All of the Ivy League schools but Cornell banned ROTC from their campuses in the late 1960s and early 1970s due to prevailing anti-Vietnam War sentiment. Cornell did not ban its three ROTC chapters, as it would have lost all public funding as a land-grant institution had it done so.

An editorial in the ‘Prince’ in November 1971 praised the faculty for disapproving of a committee recommendation that ROTC be retained as an extracurricular, saying, “A program whose function is to train students in warfare techniques is wholly inappropriate to the humanistic values on which this institution is based.”

Many of the Ivy League schools continued the ban in the ’90s while promoting the argument that DADT was prejudicial against homosexual students.
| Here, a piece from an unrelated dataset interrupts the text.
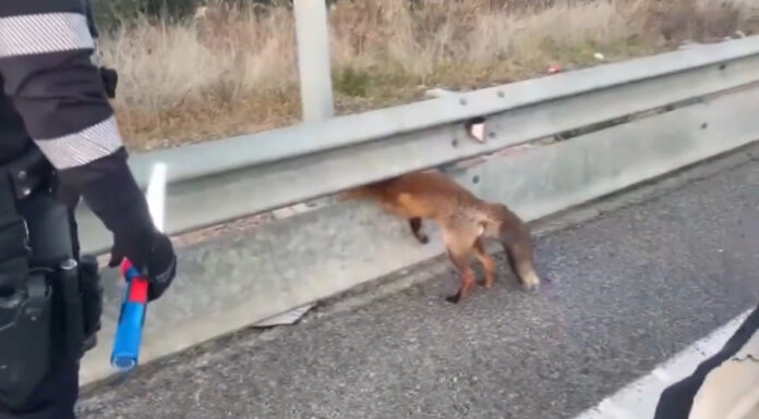 Una patrulla de Trànsit dels Mossos ha vist l'animal amb el cap atrapat i l'ha rescatat ajudant-se d'una pota de cabra

Princeton’s faculty also voted to ban ROTC from Princeton in 1993 due to the discriminatory nature of DADT, though the Board of Trustees did not approve the faculty resolution.

Until the DADT repeal, Cornell and the University of Pennsylvania were the only institutions that offered credit for certain military classes offered by ROTC. Cornell is also the only Ivy League school to offer all three major ROTC branches: Army, Navy and Air Force.

At Penn, a Navy ROTC midshipman — a rank equivalent to an Army cadet — can enroll in ROTC courses offered at nearby Temple University and Drexel University.

Students at Brown have the option of joining Providence College’s ROTC programs.